*** Recorded information ***

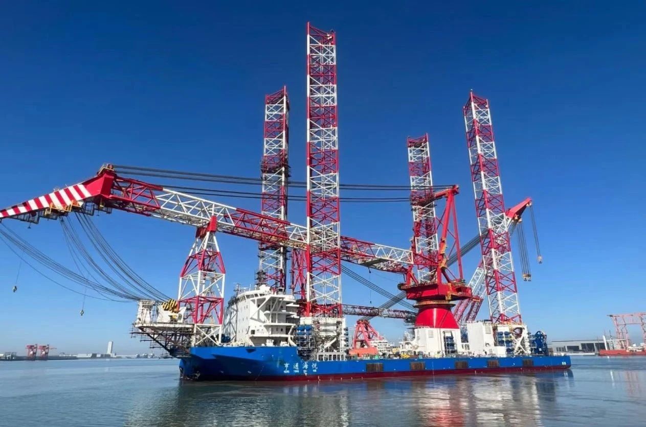 由亨通集團(tuán)投資、上海佳豪設(shè)計、江蘇大津重工建造,搭載中船賽思億全套電力推進(jìn)系統(tǒng)總成的1600T大型深遠(yuǎn)海風(fēng)電安裝平臺“亨通海悅”近日在大唐海南儋州120萬千瓦海上風(fēng)電項目投入使用并成功安裝了12臺海上風(fēng)機,順利完成首秀。
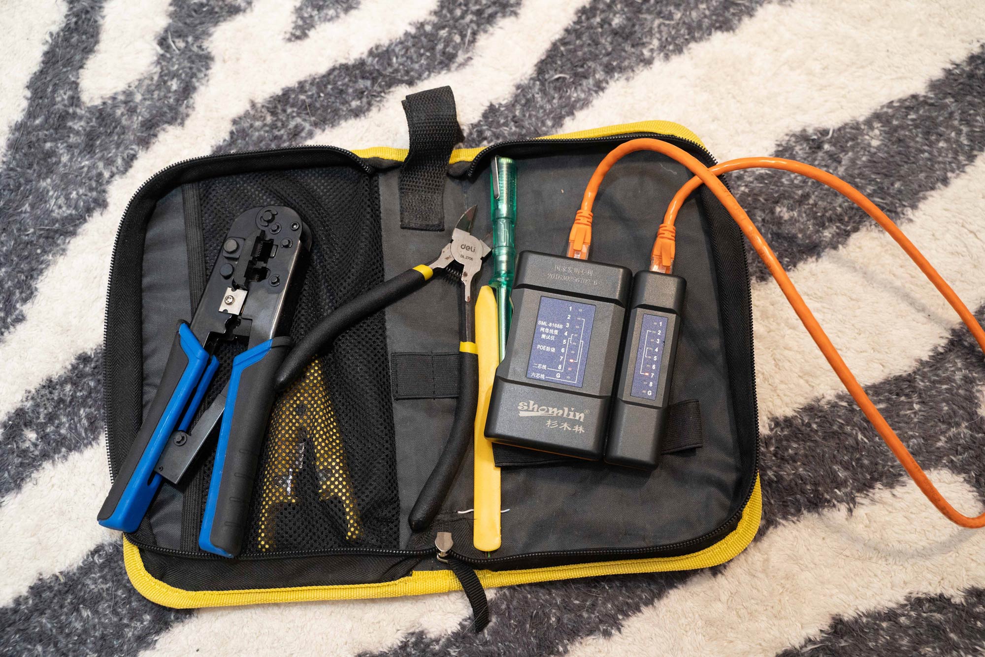在这里推荐也可以备一套压网线和检测网线的工具。后续自己检查家庭网络时还是用得上的。
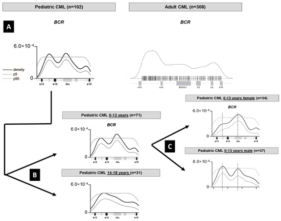 Illustration of the genomic DNA breakpoint distribution in the BCR gene and Kernel density analysis. For details see reference [59]. (A) When the pattern in 102 pediatric patients with CML is compared to 308 adult patients with CML as reported in the literature, pediatric CML shows a bimodal distribution which is also found in Ph1 positive acute lymphoblastic leukemia. (B) The bimodal “ALL-type” breakpoint can be found more frequently in prepubertal children and (C) in the prepubertal cohort is detectable more frequently in boys. In the Kernel plots the gray lines denote the 5% and the dotted line the 95% confidence intervals.

*** End of Recorded information ***

*Your goal*
Strip out the pictures and repeat the listing above exactly.

*Answer below*
 由亨通集團(tuán)投資、上海佳豪設(shè)計、江蘇大津重工建造,搭載中船賽思億全套電力推進(jìn)系統(tǒng)總成的1600T大型深遠(yuǎn)海風(fēng)電安裝平臺“亨通海悅”近日在大唐海南儋州120萬千瓦海上風(fēng)電項目投入使用并成功安裝了12臺海上風(fēng)機,順利完成首秀。
在这里推荐也可以备一套压网线和检测网线的工具。后续自己检查家庭网络时还是用得上的。
 Illustration of the genomic DNA breakpoint distribution in the BCR gene and Kernel density analysis. For details see reference [59]. (A) When the pattern in 102 pediatric patients with CML is compared to 308 adult patients with CML as reported in the literature, pediatric CML shows a bimodal distribution which is also found in Ph1 positive acute lymphoblastic leukemia. (B) The bimodal “ALL-type” breakpoint can be found more frequently in prepubertal children and (C) in the prepubertal cohort is detectable more frequently in boys. In the Kernel plots the gray lines denote the 5% and the dotted line the 95% confidence intervals.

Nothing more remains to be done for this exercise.